■ TASK DETAILS ■
Repeat the listing below line by line, exactly, leaving its pictures behind.

■ GIVEN MATERIAL ■
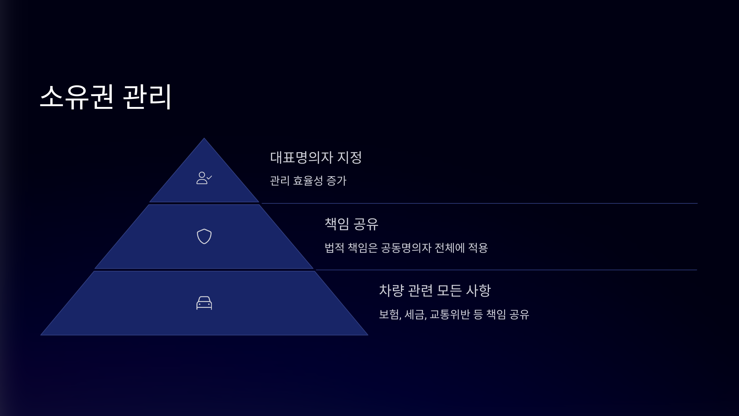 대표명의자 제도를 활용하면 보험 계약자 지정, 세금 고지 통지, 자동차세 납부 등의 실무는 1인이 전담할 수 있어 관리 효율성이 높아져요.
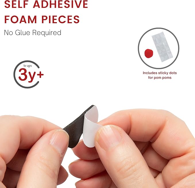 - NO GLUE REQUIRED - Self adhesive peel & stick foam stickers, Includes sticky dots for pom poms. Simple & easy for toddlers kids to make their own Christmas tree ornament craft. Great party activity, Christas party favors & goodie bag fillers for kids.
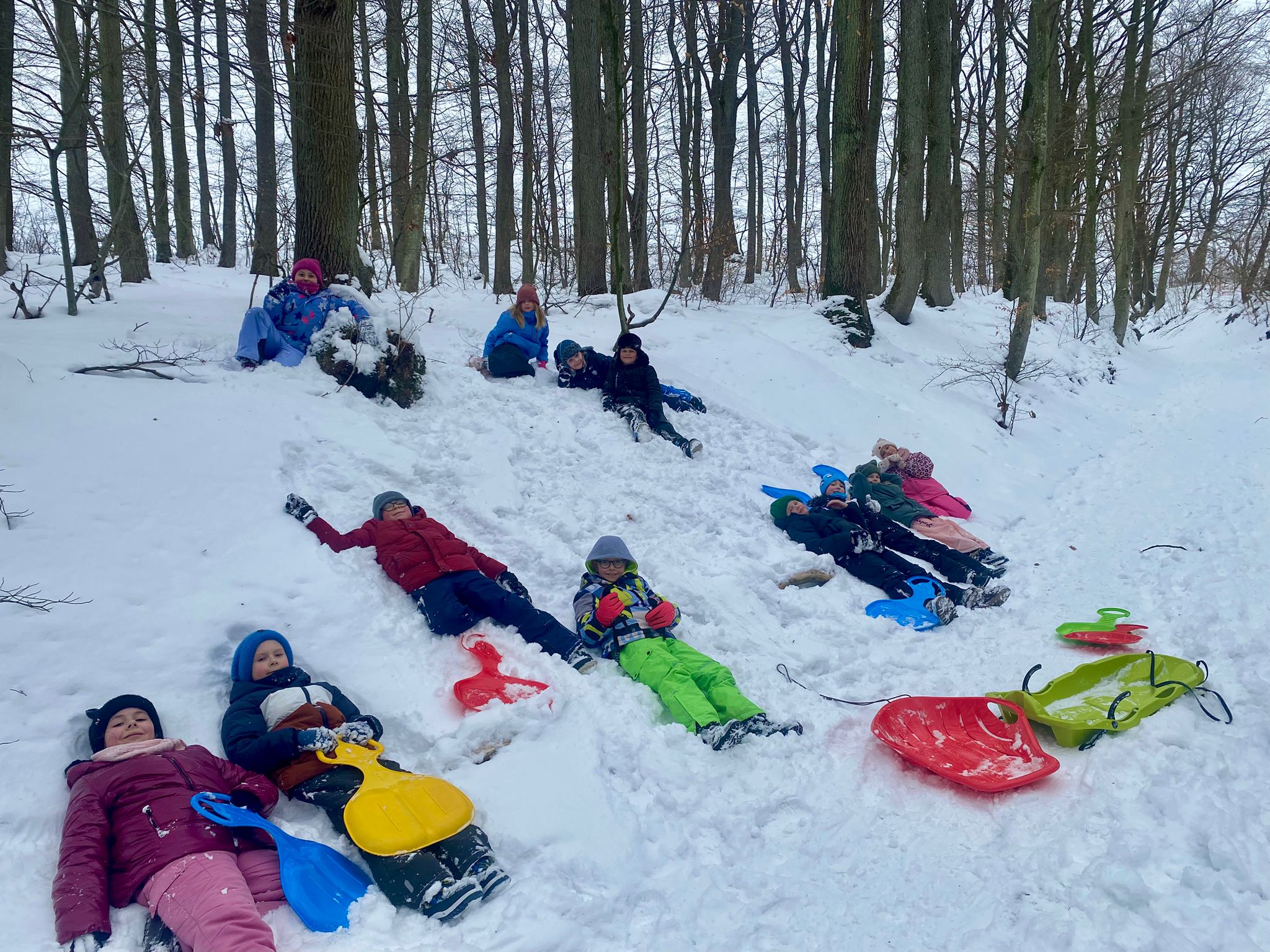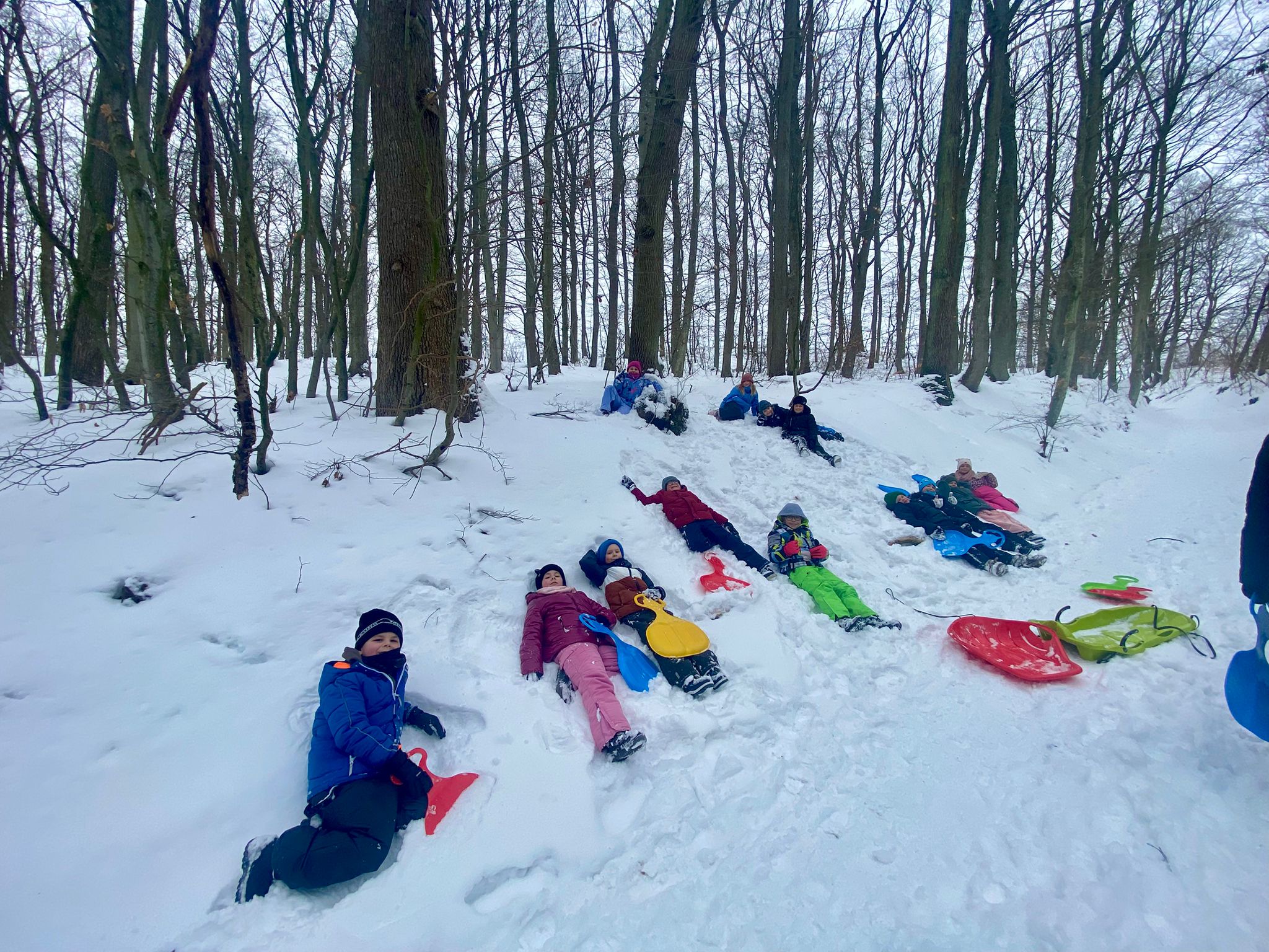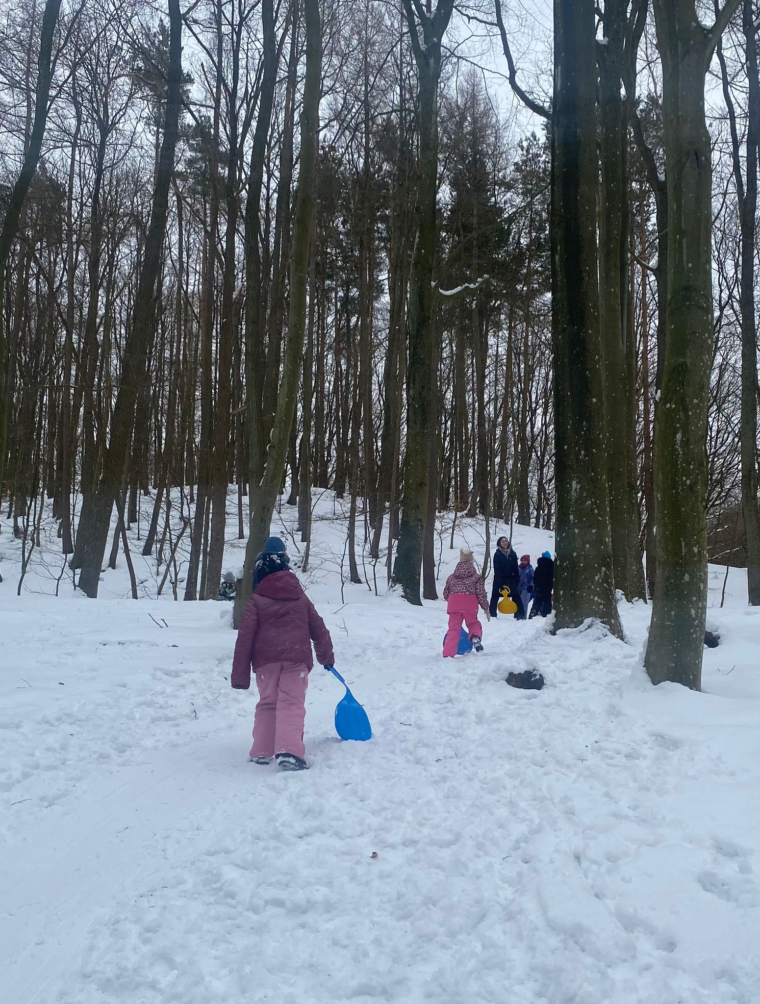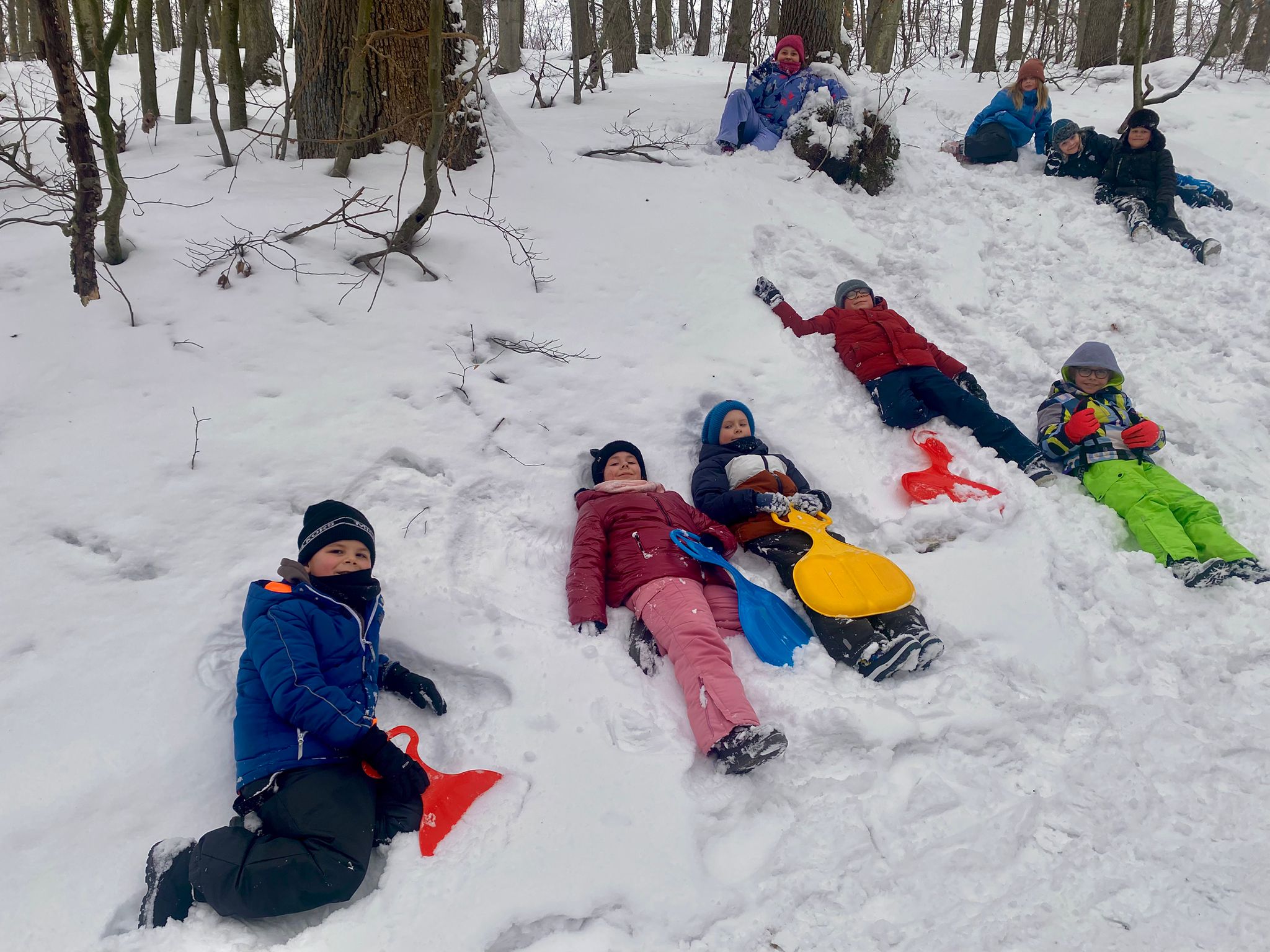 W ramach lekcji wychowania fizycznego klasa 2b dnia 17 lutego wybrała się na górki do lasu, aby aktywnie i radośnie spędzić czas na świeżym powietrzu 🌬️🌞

■ WRITTEN REPLY ■
 대표명의자 제도를 활용하면 보험 계약자 지정, 세금 고지 통지, 자동차세 납부 등의 실무는 1인이 전담할 수 있어 관리 효율성이 높아져요.
 - NO GLUE REQUIRED - Self adhesive peel & stick foam stickers, Includes sticky dots for pom poms. Simple & easy for toddlers kids to make their own Christmas tree ornament craft. Great party activity, Christas party favors & goodie bag fillers for kids.
 W ramach lekcji wychowania fizycznego klasa 2b dnia 17 lutego wybrała się na górki do lasu, aby aktywnie i radośnie spędzić czas na świeżym powietrzu 🌬️🌞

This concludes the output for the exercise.